Top of INPUT FOR THIS TASK

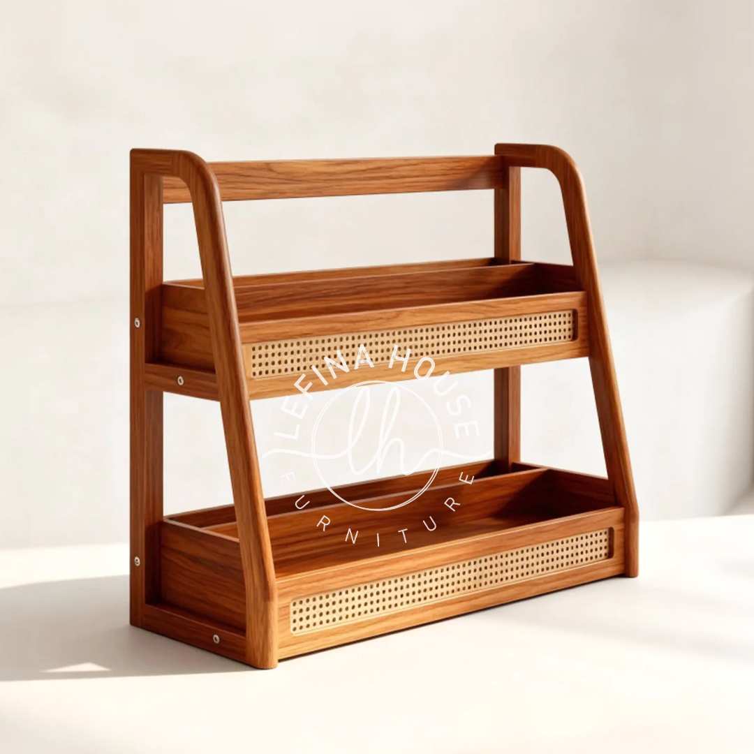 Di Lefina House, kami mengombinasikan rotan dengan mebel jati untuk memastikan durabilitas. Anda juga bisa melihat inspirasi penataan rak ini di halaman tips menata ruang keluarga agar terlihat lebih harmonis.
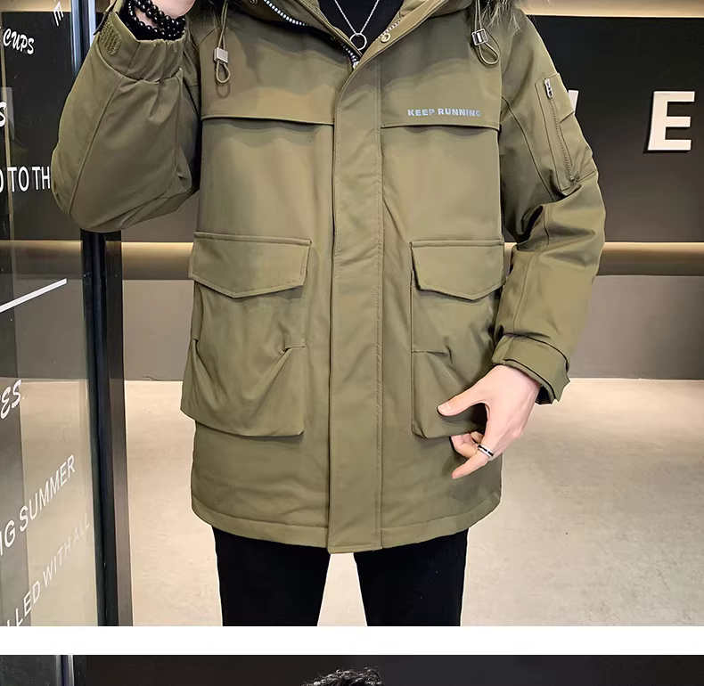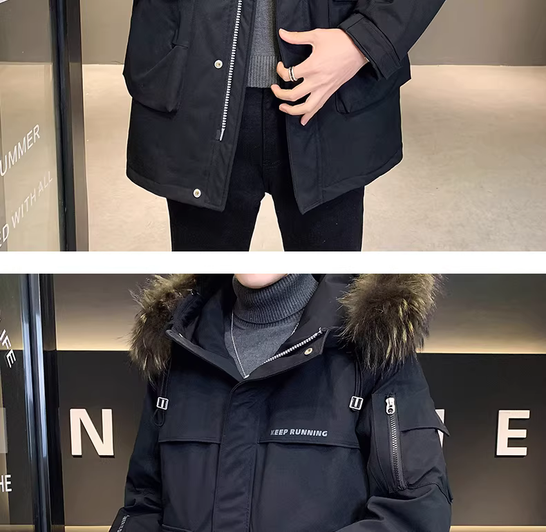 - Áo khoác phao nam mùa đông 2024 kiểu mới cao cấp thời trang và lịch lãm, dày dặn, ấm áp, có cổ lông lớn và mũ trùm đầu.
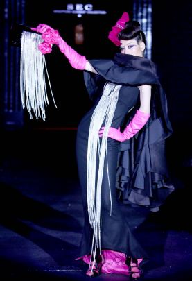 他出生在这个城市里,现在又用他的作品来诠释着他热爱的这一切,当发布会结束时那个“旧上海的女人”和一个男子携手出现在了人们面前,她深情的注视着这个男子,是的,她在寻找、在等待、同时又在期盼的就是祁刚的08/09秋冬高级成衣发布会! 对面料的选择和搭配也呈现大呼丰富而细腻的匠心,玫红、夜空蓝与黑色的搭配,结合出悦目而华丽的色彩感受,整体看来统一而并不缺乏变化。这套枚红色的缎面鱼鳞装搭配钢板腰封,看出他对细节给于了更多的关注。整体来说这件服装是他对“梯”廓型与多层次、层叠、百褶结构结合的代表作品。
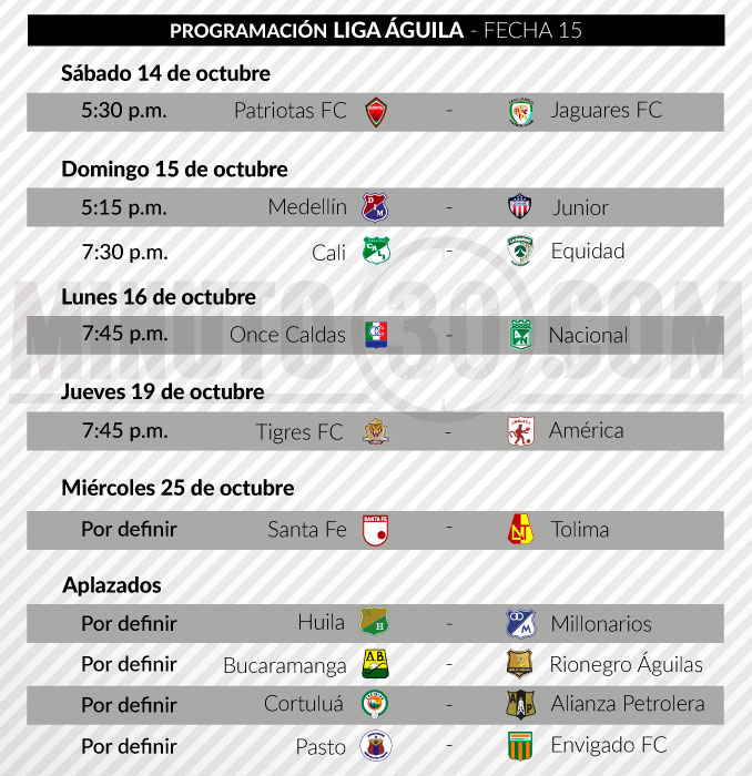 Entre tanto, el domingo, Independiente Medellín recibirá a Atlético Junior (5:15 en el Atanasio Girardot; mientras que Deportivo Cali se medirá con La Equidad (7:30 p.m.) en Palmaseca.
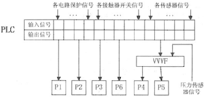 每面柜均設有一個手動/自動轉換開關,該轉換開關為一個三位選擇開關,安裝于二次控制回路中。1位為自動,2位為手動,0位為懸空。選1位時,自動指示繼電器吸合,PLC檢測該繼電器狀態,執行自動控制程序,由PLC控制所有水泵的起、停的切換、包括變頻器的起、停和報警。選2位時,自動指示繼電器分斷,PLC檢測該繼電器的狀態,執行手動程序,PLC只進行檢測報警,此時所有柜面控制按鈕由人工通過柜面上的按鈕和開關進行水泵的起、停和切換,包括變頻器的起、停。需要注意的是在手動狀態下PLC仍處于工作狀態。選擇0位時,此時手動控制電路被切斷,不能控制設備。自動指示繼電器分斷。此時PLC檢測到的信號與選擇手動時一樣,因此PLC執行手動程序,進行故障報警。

Bottom of INPUT FOR THIS TASK

EXERCISE AIM - Without the pictures, restate all of the entries word for word.

TASK RESPONSE -
 Di Lefina House, kami mengombinasikan rotan dengan mebel jati untuk memastikan durabilitas. Anda juga bisa melihat inspirasi penataan rak ini di halaman tips menata ruang keluarga agar terlihat lebih harmonis.
 - Áo khoác phao nam mùa đông 2024 kiểu mới cao cấp thời trang và lịch lãm, dày dặn, ấm áp, có cổ lông lớn và mũ trùm đầu.
 他出生在这个城市里,现在又用他的作品来诠释着他热爱的这一切,当发布会结束时那个“旧上海的女人”和一个男子携手出现在了人们面前,她深情的注视着这个男子,是的,她在寻找、在等待、同时又在期盼的就是祁刚的08/09秋冬高级成衣发布会! 对面料的选择和搭配也呈现大呼丰富而细腻的匠心,玫红、夜空蓝与黑色的搭配,结合出悦目而华丽的色彩感受,整体看来统一而并不缺乏变化。这套枚红色的缎面鱼鳞装搭配钢板腰封,看出他对细节给于了更多的关注。整体来说这件服装是他对“梯”廓型与多层次、层叠、百褶结构结合的代表作品。
 Entre tanto, el domingo, Independiente Medellín recibirá a Atlético Junior (5:15 en el Atanasio Girardot; mientras que Deportivo Cali se medirá con La Equidad (7:30 p.m.) en Palmaseca.
 每面柜均設有一個手動/自動轉換開關,該轉換開關為一個三位選擇開關,安裝于二次控制回路中。1位為自動,2位為手動,0位為懸空。選1位時,自動指示繼電器吸合,PLC檢測該繼電器狀態,執行自動控制程序,由PLC控制所有水泵的起、停的切換、包括變頻器的起、停和報警。選2位時,自動指示繼電器分斷,PLC檢測該繼電器的狀態,執行手動程序,PLC只進行檢測報警,此時所有柜面控制按鈕由人工通過柜面上的按鈕和開關進行水泵的起、停和切換,包括變頻器的起、停。需要注意的是在手動狀態下PLC仍處于工作狀態。選擇0位時,此時手動控制電路被切斷,不能控制設備。自動指示繼電器分斷。此時PLC檢測到的信號與選擇手動時一樣,因此PLC執行手動程序,進行故障報警。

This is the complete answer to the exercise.